Thanks and apologies to Ade Oshineye, Ojan Vafai, Frances Berriman, Dion Almaer, Addy Osmani, Gray Norton and Philip Walton for their feedback on drafts of this post.

Effective Standards Work, Part 2: Threading the Needle

The web standards process fails us too often. This series explores the forces at work, how we’re improving the situation, and how you can shape new features more effectively.

“Part 1: The Lay of The Land” discussed persistent challenges in standards and forces that give rise to misunderstandings. It also described the ecosystem dynamics that make change difficult, even before considering the varying firm-level strategies of browser vendors.

Essential Ingredients

Making progress on new features is extraordinarily challenging in this environment. However, armed with a clear understanding of the situation, it’s possible to chart a narrow but reliable path forward. Necessary ingredients in solving problems on the web platform include:

  • The ability to fail cheaply
    …at least early on. Most ideas and designs aren’t good, and most of the ones we eventually accept don’t start good. Spaces that allow ideas to spring to life and quietly pass into time, or radically change without undue drama, are essential to improving our outcomes.
  • Participation by web developers and browser engineers
    Nothing good happens without both groups at the table.
  • A venue outside a chartered Working Group in which to design and iterate
    Pre-determined outcomes rarely yield new insights and approaches. Long-term relationships of WG participants can also be toxic to new ideas. Nobody takes their first tap-dancing lessons under Broadway’s big lights. Start small and nimble, build from there.
  • A path towards eventual standardisation
    Care must be taken to ensure that IP obligations can be met the future, even if the loose, early group isn’t convened with a strict IP policy
  • Face-to-face deliberation
    I’ve never witnessed early design work go well without in-person collaboration. At a minimum, it bootstraps the human relationships necessary to jointly explore alternatives.

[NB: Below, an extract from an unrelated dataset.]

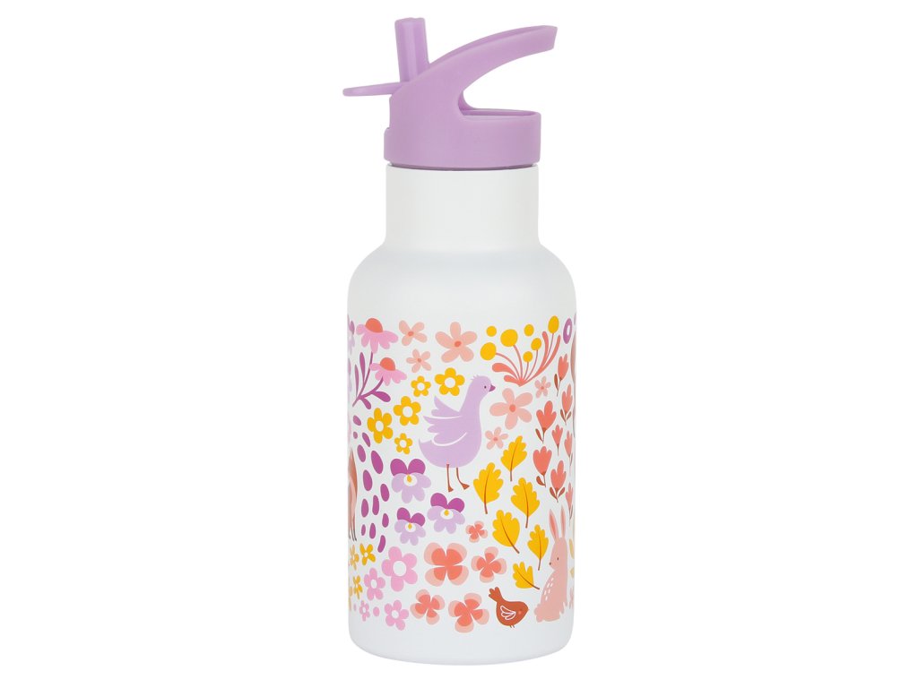 Antikorová dvojstenná fľaša s objemom 350 ml s motívom zvieratiek v kvetinovej záhradke je ideálnou voľbou pre deti do škôlky, školy alebo na výlety. Fľaša je dodávaná s otočným uzáverom, výlevkou na pitie a slamkou na studené nápoje. Prečo si túto fľašu zamilujú deti aj rodičia? Praktická a krásna: veselá potlač okamžite zaujme každé dieťa! Funkčný dizajn: dvojstenná konštrukcia pre maximálnu izoláciu. Ľahké použitie: s hubicou a slamkou bude pitie hračka. Kvalitný materiál: fľaša je vyrobená z antikorovej ocele a uzáver z odolného PP materiálu.

It’s attractive to think that design can (or should) happen within a formal Working Group. A well-functioning WG should include both developers and implementers, after all. Those groups often have face-to-face meetings, and the path toward standardisation is shortest in those venues! But it doesn’t work; not often enough to be useful, anyway.

Starting your journey there leads to pain and failure. Why? The deck is stacked against design-in-committee, both structurally and procedurally.

Structurally, it is the job of a Working Group to evaluate proposals for inclusion in a specification. The basis for inclusion in nearly all standards I know of is not rigorous or scientific. Evidence is not (yet) a compelling argument. The norms of standards organisations are set, largely, by social cohesion amongst those working to improve the systems they maintain. The older the specification and the more stable the composition of the group, the harder it is for new ideas and people to enter with credibility.

A further difficulty for non-implementers (in another universe, “customers”) within these groups is the information asymmetry inherent in the producer/consumer relationship. Implementers feel a responsibility to resist designs they feel would be detrimental to either their architecture or their competitive position. New ideas have to enter this environment roughly “done” to even get on the agenda.

Procedurally, it’s the responsibility of chairs and the overall group to make progress towards the promised deliverables. Working Group charters typically set up a scoped set of deliverables and a time-table, and while there’s lots of play built into these things, groups that don’t continue to produce new versions on a regular basis are considered problematic. Problematic groups tend not to continue to receive the organisational support they require to continue.

Failure and iteration are the lifeblood of good design, but these groups are geared for success. They aggressively filter out new ideas to preserve their ability to ship new versions of specs. Once something is locked into a WG agenda, it’s “in”. This is inherently anti-iteration.

If you’ve never been to a functioning standards meeting, it’s easy to imagine languid intellectual salons wherein brilliant ideas spring forth unbidden and perfect consensus is forged in a blinding flash. Nothing could be further from the real experience. Instead, the time available to cover updates and get into nuances of proposed changes can easily eat all of the scheduled time. And this is expensive time! Even when participants don’t have to travel to meet, high-profile groups are comically busy. Recall that the most in-demand members of the group (chairs, engineers from the most consequential firms) are doing this as a part-time commitment. Standards work is time away from the day-job, so making the time and expense count matters. Before anyone gets into the room, everyone knows what the important topics will be, and if precious time is taken from resolving those issues — particularly to explore “half baked” ideas — influential folks (and the teams they represent) will be upset. Not a recipe for agreement.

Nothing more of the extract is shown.